A variety of security plugins are available through WordPress. Each plugin will offer its own unique features, so do your research before deciding which to install. Here are some options to consider.

• WordFence: This is one of the most popular security plugins. It continuously checks for malware infections, and will notify you if anything is found. WordFence is free, but there are a few advanced features available for a price.
• BulletProof Security: This is another popular choice. Bulletproof adds firewall security, login security, database security, and much more. It too is free, but extra features can be added at a cost.
• Sucuri Security: This plugin offers various security features, including malware scanning, security activity auditing, blacklist monitoring, and a website firewall. Sucuri is a paid service.
• iThemes Security: iThemes Security is a paid plugin that offers over 30 ways to secure and protect a WordPress website.
• Acunetix WP Security: The Acunetix plugin helps secure your WordPress website, and suggests various guidelines to improve site security.
• All In One WP Security & Firewall: All In One is great for checking for any vulnerabilities on your site, and is easy to use. It protects against hackers, and goes into lockdown if someone tries to use brute force on your site. There is a cost attached to this plugin, but it is the one we recommend.
• Source Code Protection: Source Code Protection is a simple and effective plugin that uses common techniques to protect your code from being stolen. You can disable the CTRL+A, CTRL+C, CTRL+X, CTRL+S, or CTRL+V keys, and no one can right-click images on your site if you want.

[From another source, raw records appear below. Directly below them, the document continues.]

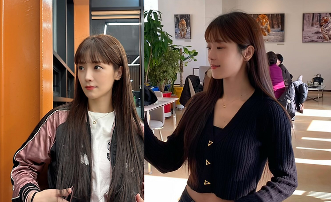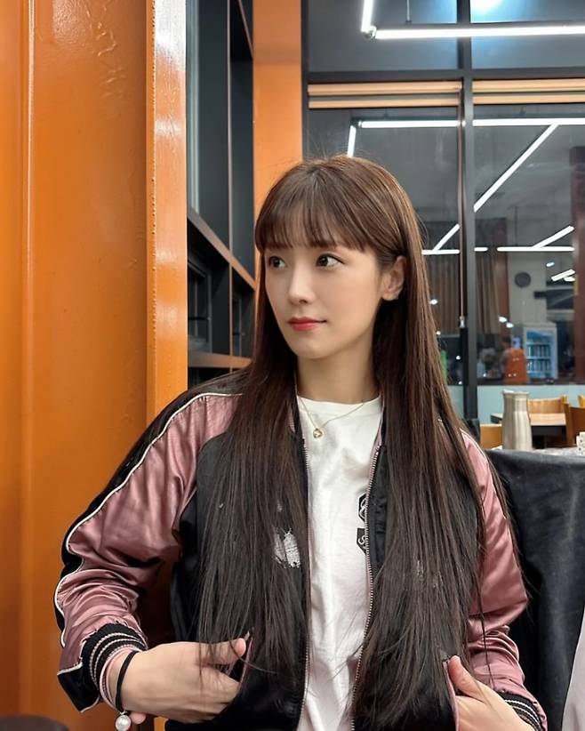 오렌지색 인테리어가 돋보이는 공간에서 소율은 핑크 컬러 배색이 특징인 블랙 봄버 재킷과 화이트 티셔츠의 조합으로 캐주얼한 스트리트 패션을 선보이고 있다. 긴 생머리와 자연스러운 메이크업, 그리고 심플한 목걸이로 포인트를 주어 편안하면서도 트렌디한 분위기를 연출하고 있다. 일상 속에서도 돋보이는 패션 감각으로 많은 팬들에게 스타일 영감을 주고 있다.
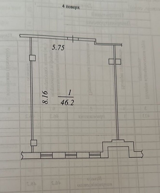 Площадь 46.2м2, просторное помещение без перегородок (open space). 4/5 этаж.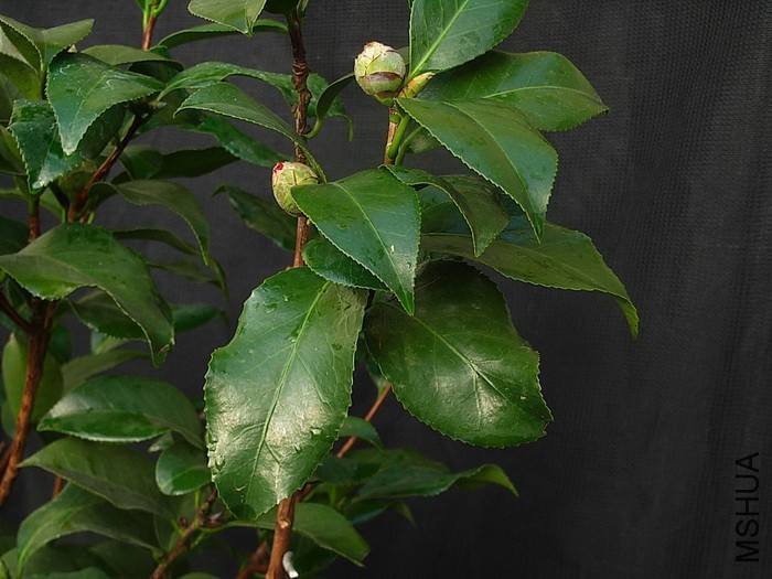 美国培育品种,迷人的艳红色,排列整齐的重瓣,楚楚动人;叶浓绿,具光泽;生长中等,立性,花期1月至3月底盛开

Watch the following video for a quick overview of All In One WP Security & Firewall.

File permissions

The default permission scheme should be:

• Folders – 750
• Files – 640

Check with your host before making permissions changes as they can have adverse effects on the performance and availability of your site.

Avoid having any file or directory set to 777.

Changing file permissions

You can run the following commands via command line to change permissions recursively.

For Directories:
find /path/to/your/wordpress/install/ -type d -exec chmod 750 {} ;

For Files:
find /path/to/your/wordpress/install/ -type f -exec chmod 640 {} ;

You can also do this via an FTP/SFTP client.

WP-Config.php

If you use a server with .htaccess, you can put the following code at the very top of that file to deny access to anyone surfing for it:

order allow,deny
deny from all

Disable file editing

It is recommended to disable file editing within the WordPress Dashboard. WordPress has a constant that disables this editing via the wp-config.php file. Append the following 2 lines to the middle of your wp-config file, with all the other defines. The require_once line should always remain last in the file:

## Disable Editing in Dashboard
define('DISALLOW_FILE_EDIT', true);

Knowledge check

Configure a theme

The Twenty Twenty-Two theme takes advantage of the Full Site Editing features introduced in WordPress 5.9.

Have a go at customising this block theme. You can customise colours, typography, and the layout of every single page on your site. Do not be afraid to make changes – it is just a sandbox project!

Explore the Customize panel, and the rest of the functionality provided in the left-hand menu.

Explore the dashboard. Configure the website to have:

• multiple pages
• multiple menus and a logo
• an icon
• a custom primary colour
• widgets

Also try:

• overriding some CSS
• adding another (fake) user with editing rights
• setting New Zealand time zone
• setting New Zealand English language.

Gutenberg editor

Format a post using the Gutenberg editor. Add a featured image, tags, and set it to belong to a category.

Premium theme

Now try changing the theme to another free (not default) theme. Explore what the theme offers. Assess how well it meets common use cases, and uses common design patterns. Share your findings in the forum.